Every digital process and social media exchange produces data. And this Big Data is arriving from multiple sources at an alarming velocity, volume and variety. By 2020, for example, about 1.7 megabytes of new information will be created every second for every human on the planet. Facebook users send on average 31.25 million messages and view 2.77 million videos every minute. And by 2020, at least a third of all data will pass through the cloud.

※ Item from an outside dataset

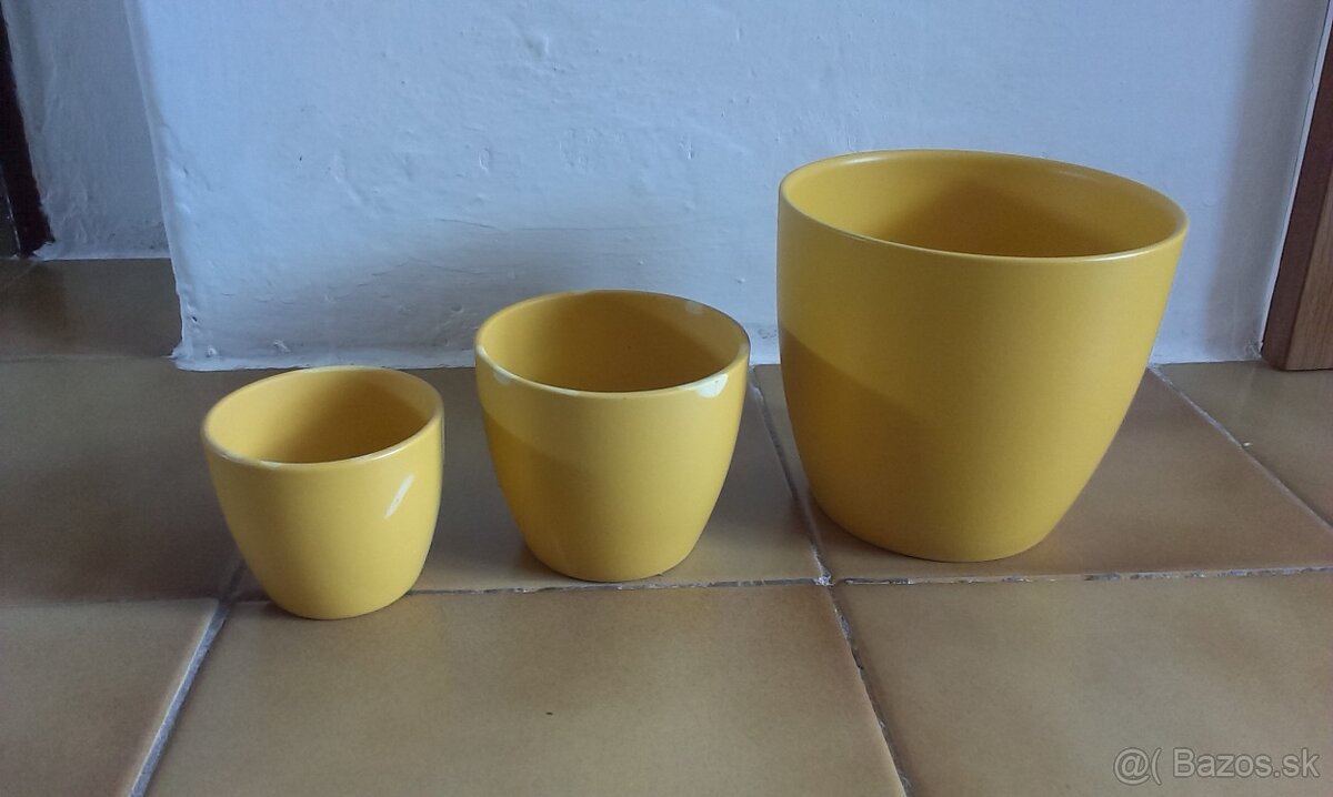 Predám črepníky z terakoty, plastové a keramické: Rozmery črepníkov: fialový - 18 (výška) x 19 cm (priemer) - cena 8 eur, žltý - 10 (výška s podnosom) x 11 cm (priemer) - cena 5 eur, terakota mištička - 5 (výška) x 12 cm (priemer) - cena 2,5 eur, žlté kvetináče: najmenší - 7,5 (výška) x 7 cm (priemer), stredný - 9 (výška) x 9 cm (priemer), najväčší - 13 (výška) x 14 cm (priemer) - cena za všetky 12 eur, biele okrúhle plast - 22,5x15 cm, črepníky na orchideu, oválne črepníky, črepníky s mištičkami... Črepníky sú zánovné, niektoré vôbec nepoužívané, nepoškodené. Viac info v maily.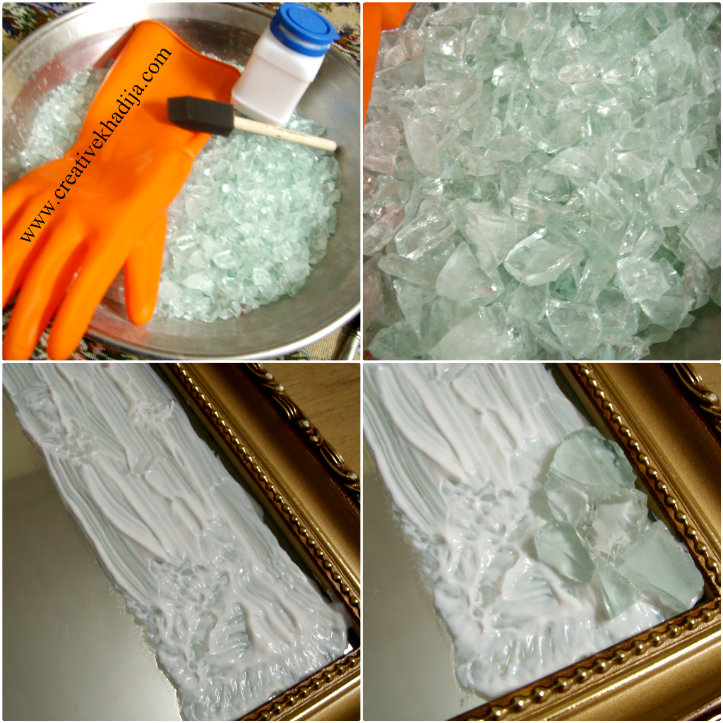 In the first step, we will break some glass pieces into small chunks. With the help of a hammer. You don’t need to break it hard, just a little hit will be enough. Wrap a piece of mirror/glass in several folds of brown paper sheets. Keep kids away while breaking it. Be sure to wear rubber gloves, so your hands will remain safe from glass scratches. Then slowly hit the mirror piece with a hammer & collect desirable sizes of glass pieces. Be sure to dump the very small pieces in the garbage carefully. Wrap those crushed waste pieces in paper & any plastic bag then throw them in the garbage box.

There’s no denying there’s a lot of data floating around. However, that data is only useful when it’s been processed. In this era of the application economy and business transformation, organizations need to capture, process and analyze data at an exponential rate. That’s not easy though. You have to distribute that Big Data to hundreds of downstream applications – frequently in real-time. You need to be certain the data flows are continuous and scalable, from the source to the analytics. And you need the skills and resources to design and operate the processes supporting Big Data flows.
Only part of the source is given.